[Source records]

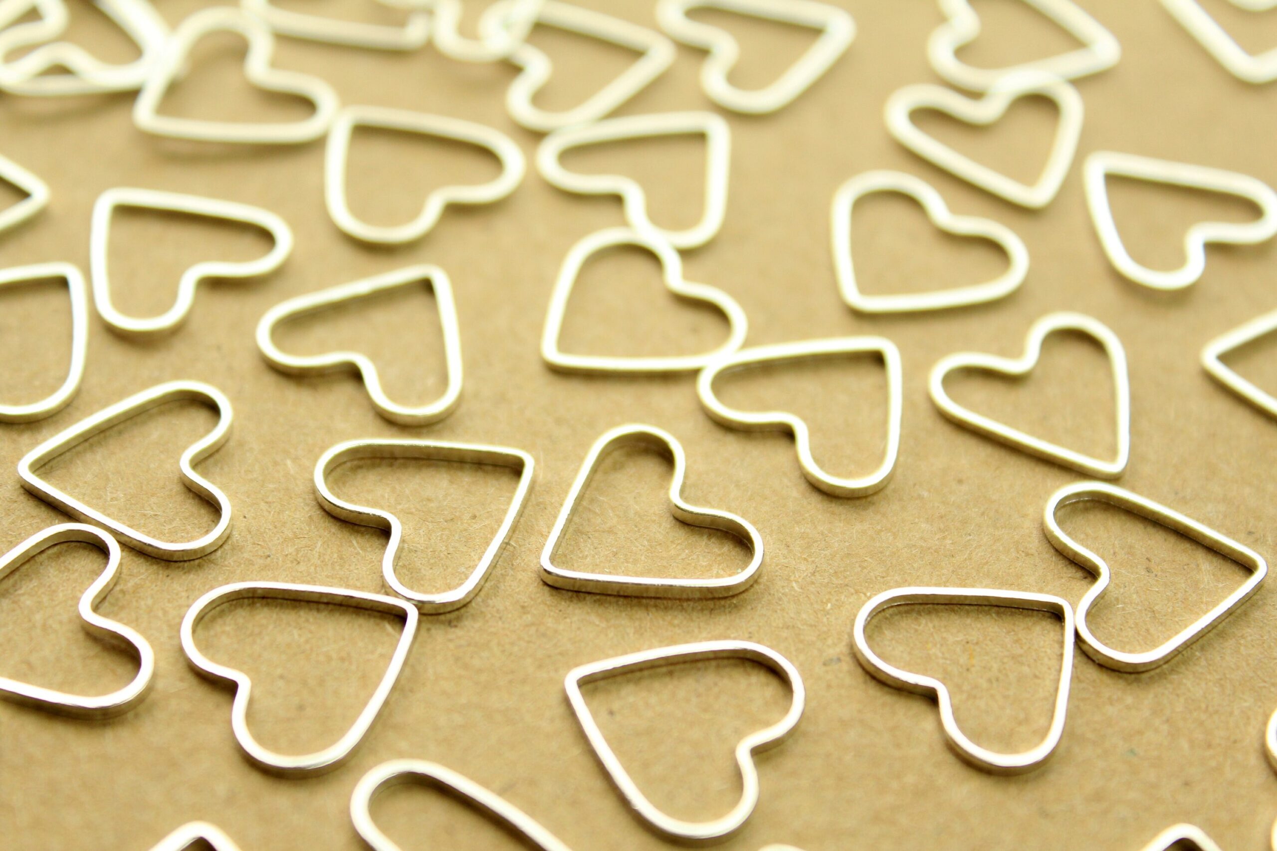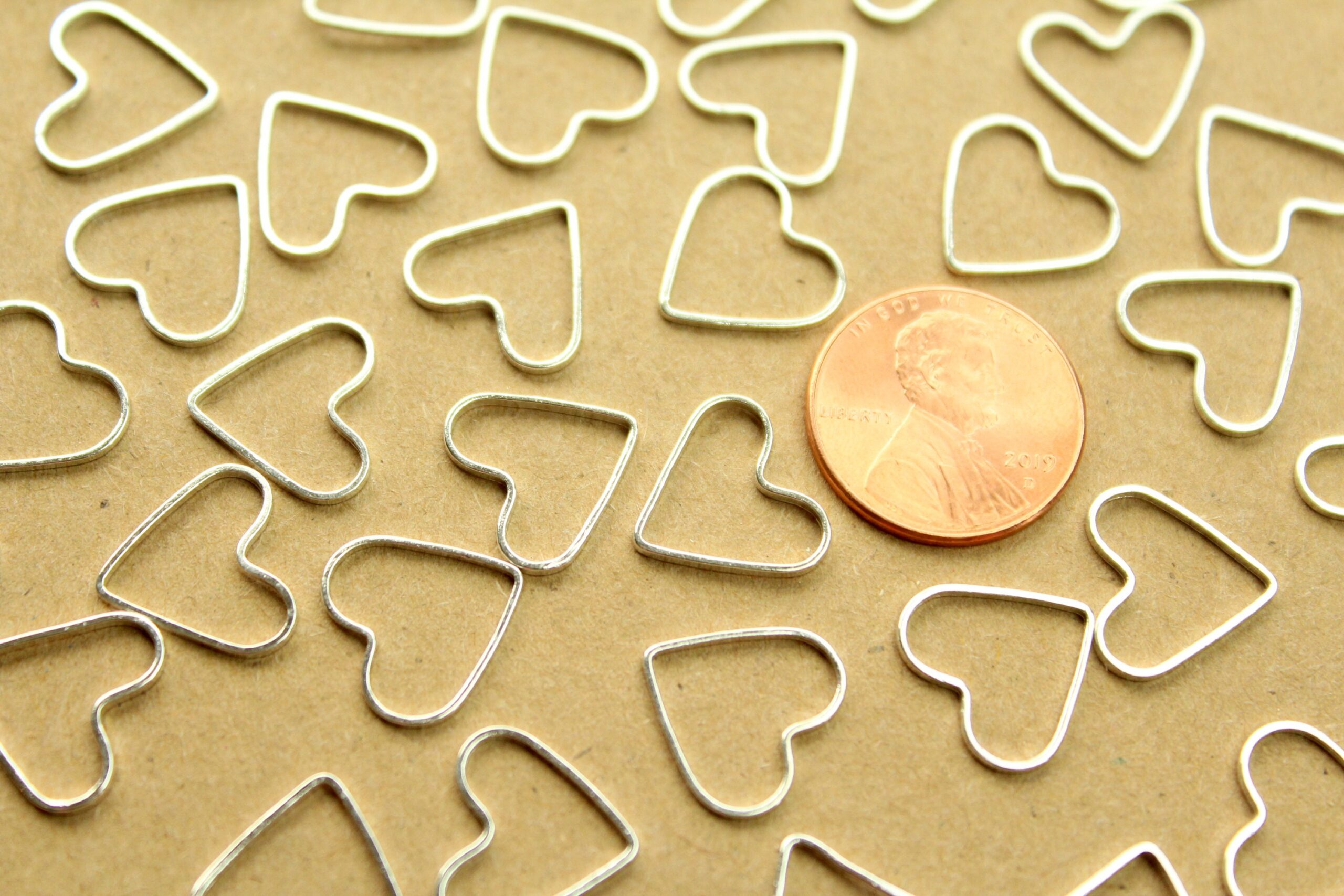 Silver plated brass heart links. These could be connected to make chain or used in a variety of other uses.
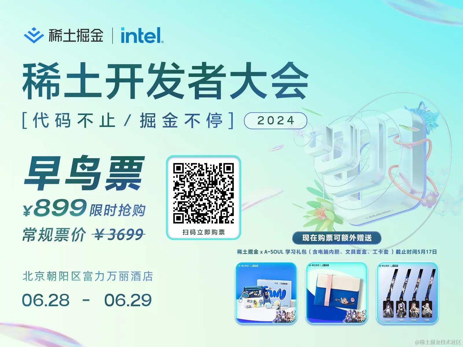 6月10日前购买早鸟票可获得2日午餐券和稀土掘金x A-SOUL学习礼包!(内含电脑内胆包+文具套装礼盒+工卡套),活动现场领取~
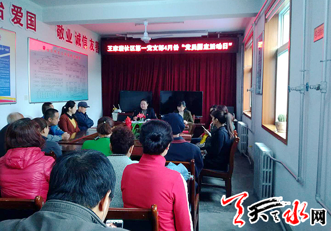 天天天水网讯(通讯员吴娟)4月13日“党员固定活动日”,王家磨社区各党支部组织党员深入开展了学习新修订的《中华人民共和国宪法》、习近平在第十三届全国人民代表大会第一次会议上的讲话、王锐在市委办公室机关党委第一支部组织生活会上的发言、雷鸣同志在区委工作会议上的讲话。
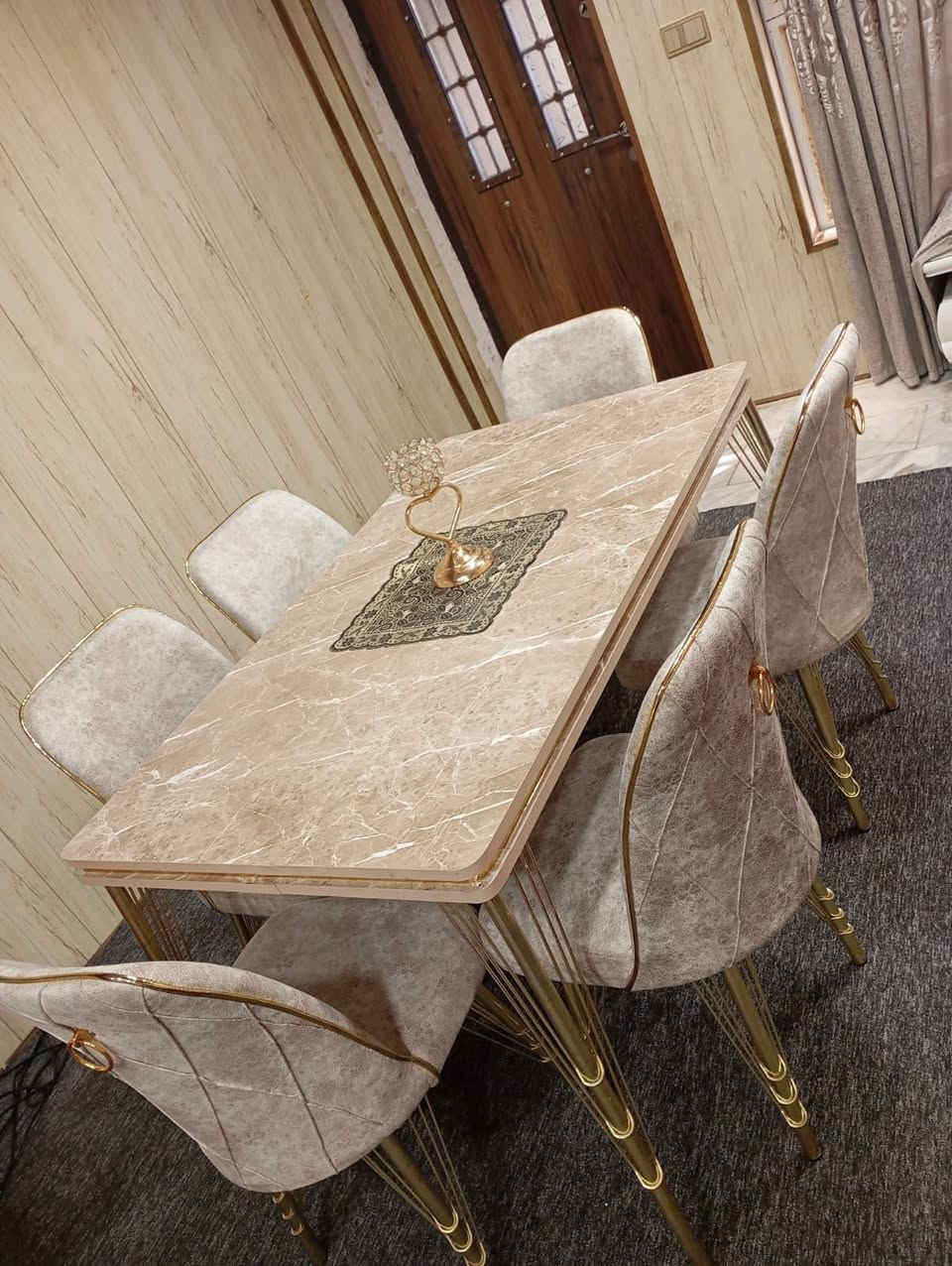 ميز طعام مرمر • ٦ كراسي • ضرر بالكرسي
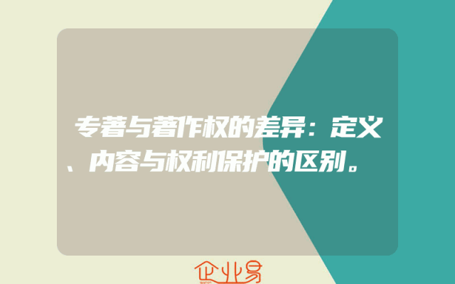 - 专著与著作权的差异解析:定义、内容与权利保护的区别一、定义专著通常是指某一特定领域或主题的详细、深入的研究著作,是作者在某一专业领域内的研究成果的集结。而著作权,又称为版权,是指创作者对其创作的文学、艺术和科学作品所享有的专有权利。
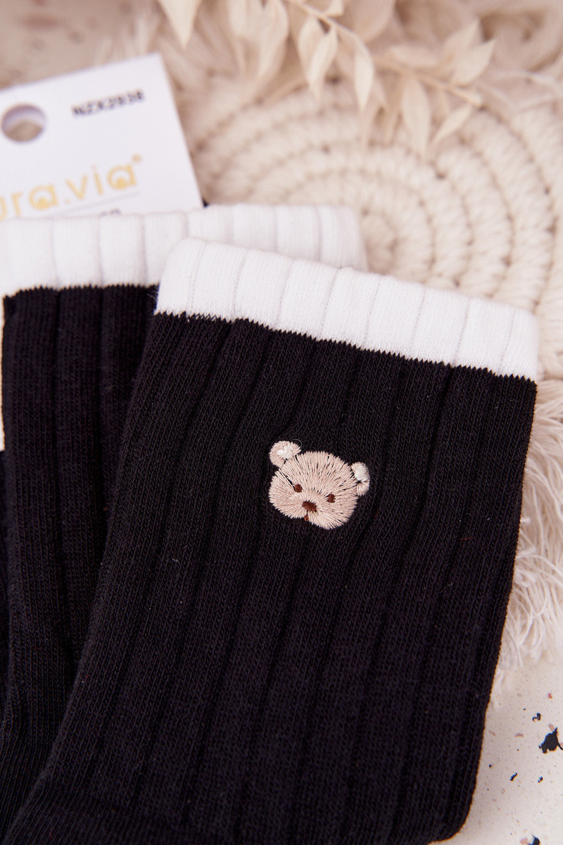 Chaussettes en coton pour femmes avec des ours en peluche de randonnée, noires
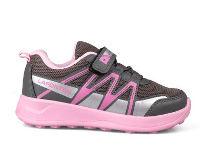 Сиви маратонки с розови странични ленти, връзки и закопчаване с лепенка.
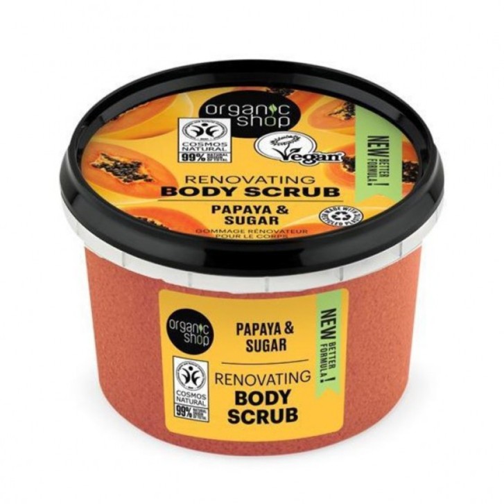 اورجانيك شوب مقشر الجسم بالباباي والسكر هو مقشر لتجديد الجسم بحيث يقشر بشرتك بوفرة ويجددها كما يساعد على نعومة البشرة وجعلها خالية من المشكلات والعيوب.
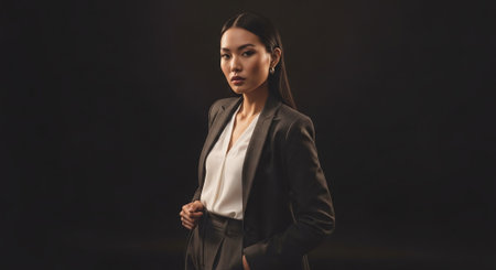 Portrait of a beautiful businesswoman in a suit on a dark background
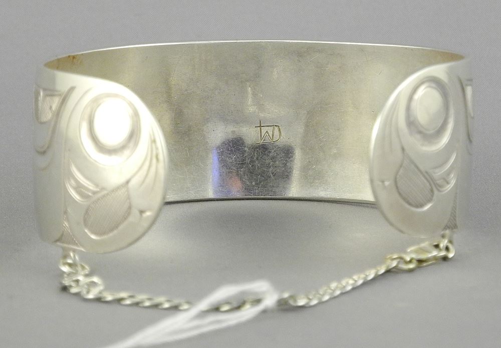 Northwest Coast Silver Cuff Monogrammed DW, 2 1/2"w, 37g.
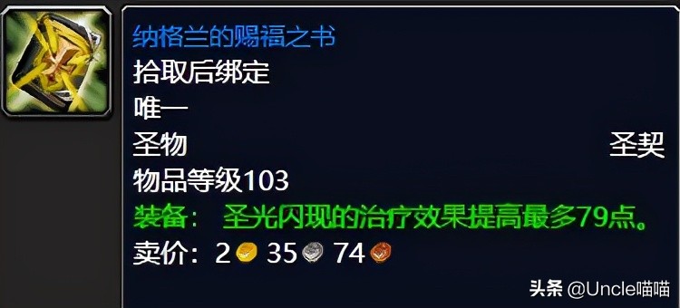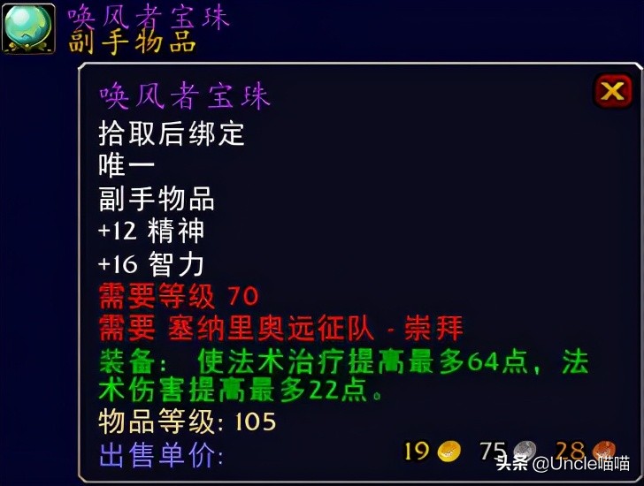 当然对于很多牌子需要集中换取更为经典的装备的玩家来说,喵叔这边重点推荐这款辉煌希望项链,出自于旧希尔斯布莱德丘陵BOSS时空猎手。可以说这款项链是前期奶骑和萨满优先级非常高的颈部装备了,可别因为它没有属性加持而小看了它,你可以看到53点的法术治疗提高真的是比紫色装备永恒希翼项链还要来得实在,而5秒恢复9点法力值也算是对于属性缺失的弥补吧,经典蓝装紫色品质的东西你值得拥有,推荐指数满天星辰直戳天花板。
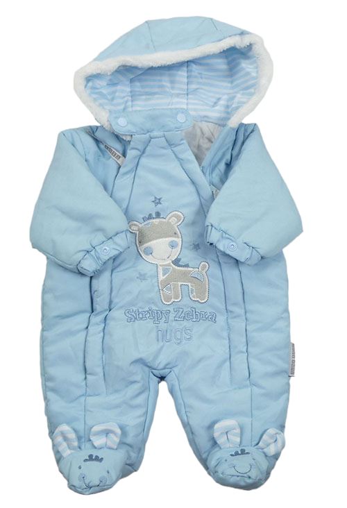 Světlemodrá šusťáková zimní kombinéza se žirafou a kapucí TINY BABY
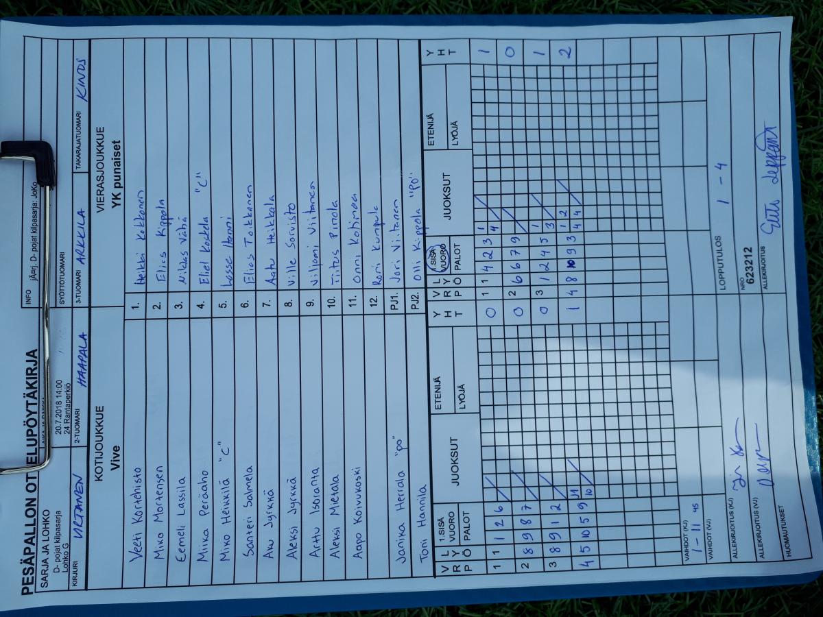 | 3. | YK punaiset | 3 | 1 | 1 | 1 | 10 - 14 | 3 |
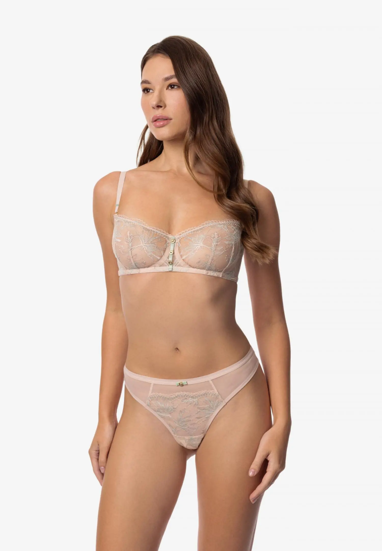 Tugikaartega balconette rinnahoidja. Silikoonriba hoiab mugavalt paigal ka ilma õlapaelteta. Kaasas on eemaldatavad õlapaelad ja lisaks silikoonist õlapaelte komplekt. Pehmel roosal põhjal õrn pits ja mündirohelised detailid loovad kerge ning värske ilme. ANTOINETTE ühendab läbikumava delikaatsuse ja vaoshoitud enesekindluse. Toode on disainitud ja arendatud Eestis!
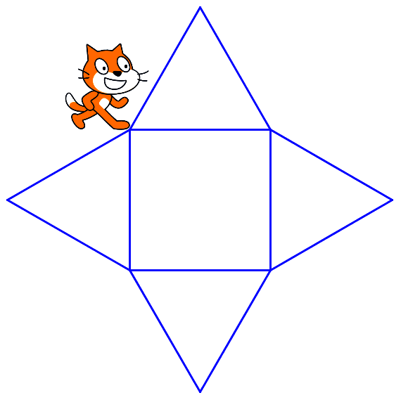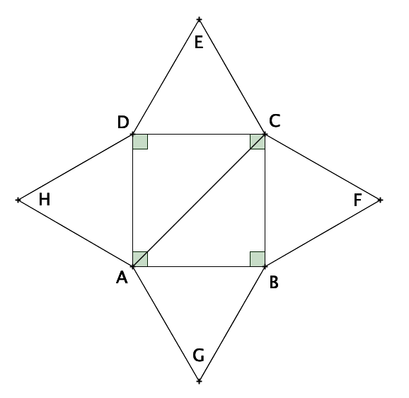 On nomme les sommets du carré : A, B, C et D et on nomme les sommets (qui ne sont pas des sommets du carré) des triangles E, F, G et H.
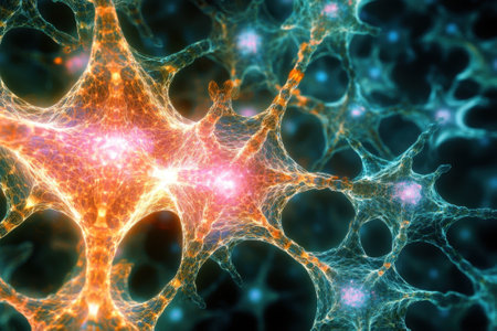 A detailed depiction of neuron activity showcases the complex web of connections within the nervous system. The bright synapses highlight the importance of communication between cells.
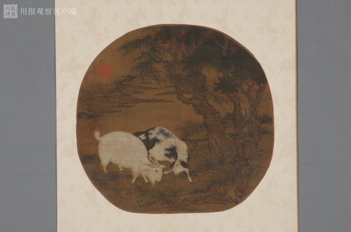元人林原双羊图纨扇面
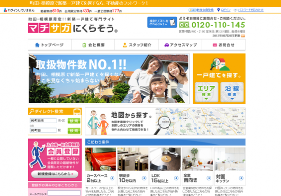 自社ホームページ構築支援ASP「いえらぶCLOUD」を利用し、ポータルサイト「いえらぶ」と連動する形で、サイトを構築しております。
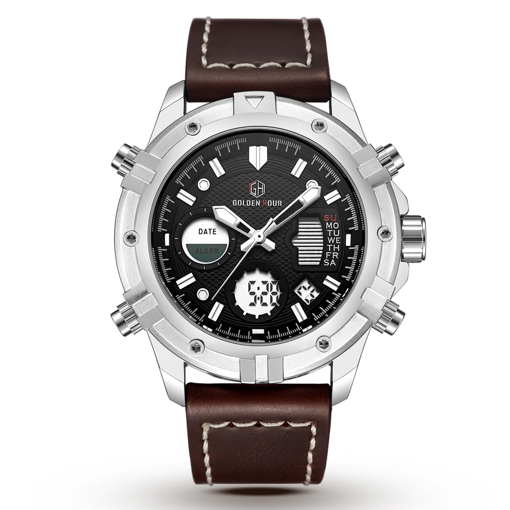 Special Offer Relojes para hombre GOLDENHOUR reloj Digital analógico de cuarzo de lujo para hombre reloj de pulsera deportivo militar de cuero para hombre reloj Masculino Discount 91% Today!
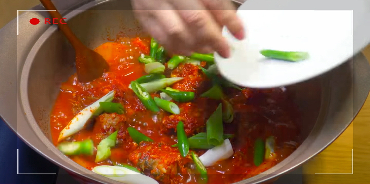 잘 익은 코다리조림에 마지막으로 파를 넣어주자. 잡내를 깔끔하게 잡아줘서 더욱 깔끔한 코다리조림이 완성된다.
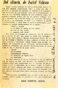 Del silencio, de Isabel Velasco [artículo] / Juan Gabriel Araya G. La Discusión (Chillán, Chile)-- jun. 22, 1981, p. 3. .

Problem requirements:
Please repeat, with no pictures, each line from the start of the records above through the line with "Portrait of a", inclusive, and only those.

Completed exercise:
 Silver plated brass heart links. These could be connected to make chain or used in a variety of other uses.
 6月10日前购买早鸟票可获得2日午餐券和稀土掘金x A-SOUL学习礼包!(内含电脑内胆包+文具套装礼盒+工卡套),活动现场领取~
 天天天水网讯(通讯员吴娟)4月13日“党员固定活动日”,王家磨社区各党支部组织党员深入开展了学习新修订的《中华人民共和国宪法》、习近平在第十三届全国人民代表大会第一次会议上的讲话、王锐在市委办公室机关党委第一支部组织生活会上的发言、雷鸣同志在区委工作会议上的讲话。
 ميز طعام مرمر • ٦ كراسي • ضرر بالكرسي
 - 专著与著作权的差异解析:定义、内容与权利保护的区别一、定义专著通常是指某一特定领域或主题的详细、深入的研究著作,是作者在某一专业领域内的研究成果的集结。而著作权,又称为版权,是指创作者对其创作的文学、艺术和科学作品所享有的专有权利。
 Chaussettes en coton pour femmes avec des ours en peluche de randonnée, noires
 Сиви маратонки с розови странични ленти, връзки и закопчаване с лепенка.
 اورجانيك شوب مقشر الجسم بالباباي والسكر هو مقشر لتجديد الجسم بحيث يقشر بشرتك بوفرة ويجددها كما يساعد على نعومة البشرة وجعلها خالية من المشكلات والعيوب.
 Portrait of a beautiful businesswoman in a suit on a dark background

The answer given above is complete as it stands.